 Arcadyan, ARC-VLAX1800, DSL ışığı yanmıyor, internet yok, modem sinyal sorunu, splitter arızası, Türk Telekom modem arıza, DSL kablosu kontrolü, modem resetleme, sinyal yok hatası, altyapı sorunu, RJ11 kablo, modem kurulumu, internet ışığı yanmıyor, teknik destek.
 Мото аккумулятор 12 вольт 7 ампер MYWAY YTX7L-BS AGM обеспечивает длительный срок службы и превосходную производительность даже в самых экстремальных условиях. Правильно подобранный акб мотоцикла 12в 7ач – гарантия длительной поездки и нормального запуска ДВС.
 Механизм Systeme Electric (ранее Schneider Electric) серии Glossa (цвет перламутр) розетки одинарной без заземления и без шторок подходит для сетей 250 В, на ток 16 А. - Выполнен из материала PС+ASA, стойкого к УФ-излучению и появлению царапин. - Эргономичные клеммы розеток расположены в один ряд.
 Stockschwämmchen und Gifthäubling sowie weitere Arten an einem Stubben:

==

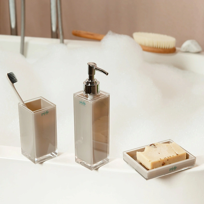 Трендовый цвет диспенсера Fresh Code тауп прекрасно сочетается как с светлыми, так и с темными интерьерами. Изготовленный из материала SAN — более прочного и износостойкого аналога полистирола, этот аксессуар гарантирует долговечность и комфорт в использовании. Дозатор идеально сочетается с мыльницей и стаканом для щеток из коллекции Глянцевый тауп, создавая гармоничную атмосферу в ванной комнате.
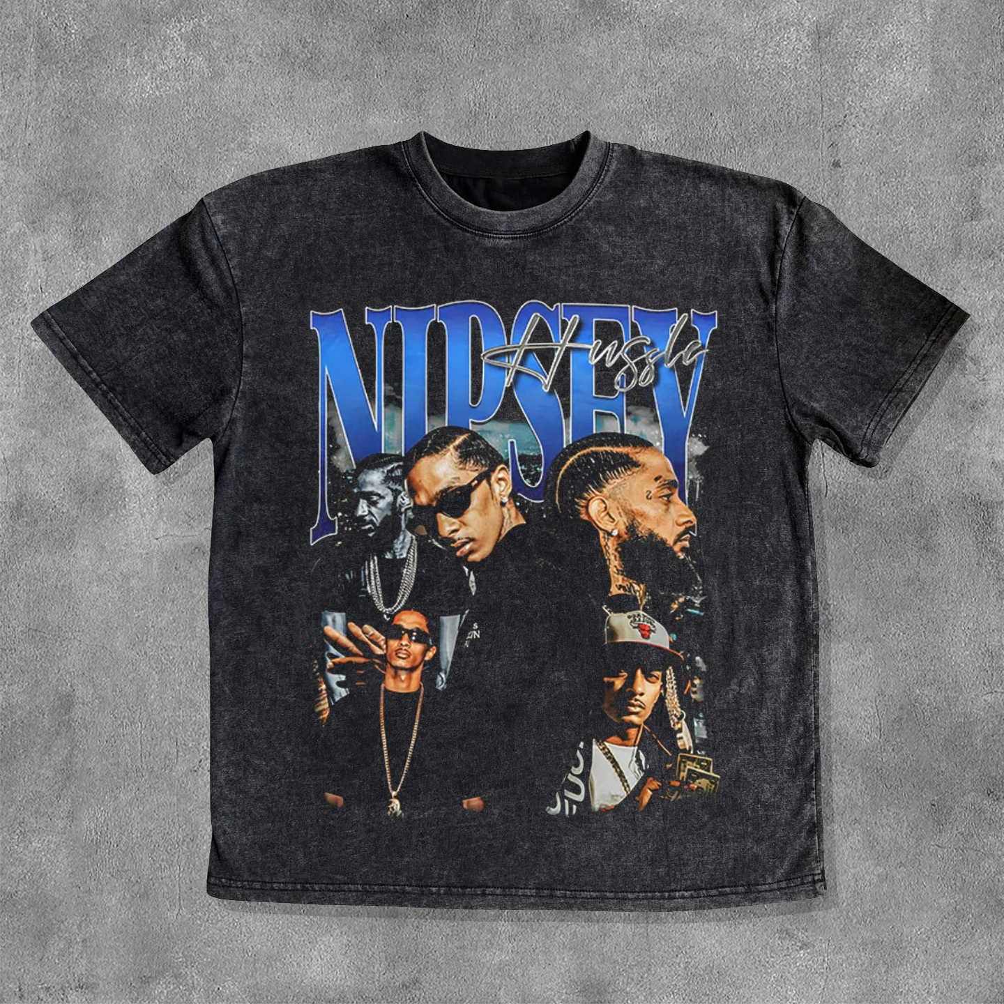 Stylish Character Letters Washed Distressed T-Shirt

Task: Please transcribe only the lines in the records above running from the line that has "Arcadyan, ARC-VLAX1800, DSL" through the line that has "Мото аккумулятор 12", both included, exactly as they appear.

Response to this exercise:
 Arcadyan, ARC-VLAX1800, DSL ışığı yanmıyor, internet yok, modem sinyal sorunu, splitter arızası, Türk Telekom modem arıza, DSL kablosu kontrolü, modem resetleme, sinyal yok hatası, altyapı sorunu, RJ11 kablo, modem kurulumu, internet ışığı yanmıyor, teknik destek.
 Мото аккумулятор 12 вольт 7 ампер MYWAY YTX7L-BS AGM обеспечивает длительный срок службы и превосходную производительность даже в самых экстремальных условиях. Правильно подобранный акб мотоцикла 12в 7ач – гарантия длительной поездки и нормального запуска ДВС.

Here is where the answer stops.